# The Hex Plex Pagoda beehive



## Rader Sidetrack (Nov 30, 2011)

Looks spectacular! :thumbsup::thumbsup:




 Did you get that compound cut angle worked out, or is there a reason you are only showing us one side?


----------



## odfrank (May 13, 2002)

I included this link showing pictures that I more or less mastered the angle. That little stinger on the roof took three afternoons and is still a bit funky. The roof was the hardest part. With ample caulk, silicone and sanding, and turning the bad side to the back, it came out OK. Two garbage cans of redwood kindling available. 


http://s156.photobucket.com/user/odfrank/story/68457


----------



## Pete O (Jul 13, 2013)

There are a few YouTube videos on this type of hive coming from Japan. Start a search with "Japanese Bees" and you are bound to come across the videos.


----------



## JClark (Apr 29, 2012)

Interesting concept (the outer fixed combs w/ central movable frames).

Just be sure to place it on a proper ley line and the aura will exhibit an exponential increase resulting in swarms fighting each other to move in.


----------



## Paul McCarty (Mar 30, 2011)

That's really cool.

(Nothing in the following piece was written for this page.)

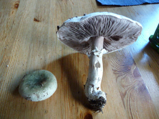 Hallo, auf dem Bild sollte ein Anischampignon (hat sehr deutlichen Anisgeruch), weiterhin ist der Kopf eines Grüngefelderten Täublings zu sehen. Gruß Detlef
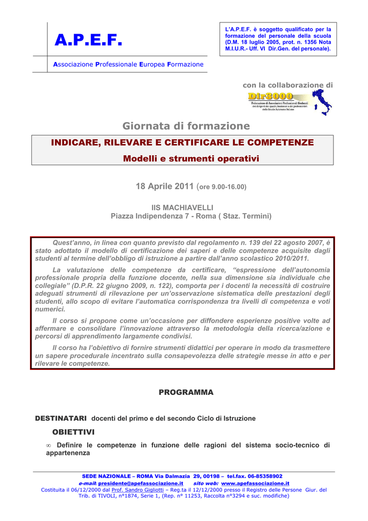 L’A.P.E.F. è soggetto qualificato per la formazione del personale della scuola (D.M. 18 luglio 2005, prot. n. 1356 Nota M.I.U.R.- Uff. VI Dir.Gen. del personale). A.P.E.F. Associazione Professionale Europea Formazione con la collaborazione di Giornata di formazione INDICARE, RILEVARE E CERTIFICARE LE COMPETENZE Modelli e strumenti operativi 18 Aprile 2011 (ore 9.00-16.00) IIS MACHIAVELLI Piazza Indipendenza 7 - Roma ( Staz. Termini) Quest’anno, in linea con quanto previsto dal regolamento n. 139 del 22 agosto 2007, è stato adottato il modello di certificazione dei saperi e delle competenze acquisite dagli studenti al termine dell’obbligo di istruzione a partire dall’anno scolastico 2010/2011. La valutazione delle competenze da certificare, “espressione dell’autonomia professionale propria della funzione docente, nella sua dimensione sia individuale che collegiale” (D.P.R. 22 giugno 2009, n. 122), comporta per i docenti la necessità di costruire adeguati strumenti di rilevazione per un’osservazione sistematica delle prestazioni degli studenti, allo scopo di evitare l’automatica corrispondenza tra livelli di competenza e voti numerici. Il corso si propone come un’occasione per diffondere esperienze positive volte ad affermare e consolidare l’innovazione attraverso la metodologia della ricerca/azione e percorsi di apprendimento largamente condivisi. Il corso ha l’obiettivo di fornire strumenti didattici per operare in modo da trasmettere un sapere procedurale incentrato sulla consapevolezza delle strategie messe in atto e per rilevare le competenze. PROGRAMMA DESTINATARI docenti del primo e del secondo Ciclo di Istruzione OBIETTIVI • Definire le competenze in funzione delle ragioni del sistema socio-tecnico di appartenenza SEDE NAZIONALE – ROMA Via Dalmazia 29, 00198 – tel.fax. 06-85358902 sito web: www.apefassociazione.it Costituita il 06/12/2000 dal Prof. Sandro Gigliotti – Reg.ta il 12/12/2000 presso il Registro delle Persone Giur. del Trib. di TIVOLI, n°1874, Serie 1, (Rep. n° 11253, Raccolta n°3294 e suc. modifiche) e-mail: [email protected] A.P.E.F. L’A.P.E.F. è soggetto qualificato per la formazione del personale della scuola (D.M. 18 luglio 2005, prot. n. 1356 Nota M.I.U.R.- Uff. VI Dir.Gen. del personale). Associazione Professionale Europea Formazione • Stabilire che la competenza è la risultante di una serie di caratteristiche, è un valore aggiunto dato all’azione svolta e non deve essere confusa con un “comportamento competente “ • Individuare indicatori di competenza perché servono a limitare l’area di ricerca della stessa competenza CONTENUTI FORMATIVI La giornata di formazione è articolata in due fasi Prima fase • • • • (9.00 – 13.00) Come riconoscere la situazione di competenza L’osservazione sistematica Gli indicatori di competenza Le operazioni mentali Seconda fase (14.00 – 16.00) • Laboratorio didattico interattivo Saranno consegnati materiali per gli approfondimenti e per la progettazione di percorsi. Docente formatore Prof.ssa Maria Teresa Sigari, docente di discipline giuridicoeconomiche presso ITCG Luzzatti di Palestrina; già Supervisore presso la SSIS Lazio; applicatrice e formatrice del Metodo Feuerstein, docente ospedaliera. Costi Il costo complessivo del percorso formativo (corso in presenza più assistenza on- line e materiali didattici), per ogni scuola aderente è pari a: € 80, nel caso di un solo iscritto al seminario in presenza € 140, nel caso di due iscritti al seminario in presenza € 180, nel caso di tre iscritti al seminario in presenza € 220, nel caso di quattro iscritti al seminario in presenza Per eventuali adesioni di singoli docenti l’importo, di 80€, dovrà essere saldato all’inizio della giornata di formazione. (la partecipazione è gratuita per i soci Apef, compatibilmente con il posti disponibili) Al termine del corso verrà rilasciato attestato di frequenza. SEDE NAZIONALE – ROMA Via Dalmazia 29, 00198 – tel.fax. 06-85358902 sito web: www.apefassociazione.it Costituita il 06/12/2000 dal Prof. Sandro Gigliotti – Reg.ta il 12/12/2000 presso il Registro delle Persone Giur. del Trib. di TIVOLI, n°1874, Serie 1, (Rep. n° 11253, Raccolta n°3294 e suc. modifiche) e-mail: [email protected]

Beats the heck out of my rough tin roofs.


----------



## odfrank (May 13, 2002)

It only attracted two scouts since swarms started 3/4, so I loaded it with a prime swarm this morning.


----------



## odfrank (May 13, 2002)

Loaded 2nd swarm today. 1st swarm downstairs has reached the third super of drawn combs, no sign of comb on topbars but didn't look below.


----------



## Adrian Quiney WI (Sep 14, 2007)

OD, that is a thing of beauty.


----------



## odfrank (May 13, 2002)

Thank you. Now I have to figure out what to do when it fills up. 
1. Let it just get jammed packed and remove full frames of honey at end of season.
2. As it fills up replace full combs with empty.
3. Make adapter boards so I can add Lang supers with a ladder. I have 20"X 20" mediums which would be nice and stable.
4. Hope that the flow ends as it gets full.
5. ...


----------



## Saltybee (Feb 9, 2012)

Thanks, I've enjoyed your project. Looking forward to more.


----------



## GreenWay (Mar 30, 2014)

This is a thing of beauty, thanks for the pics


----------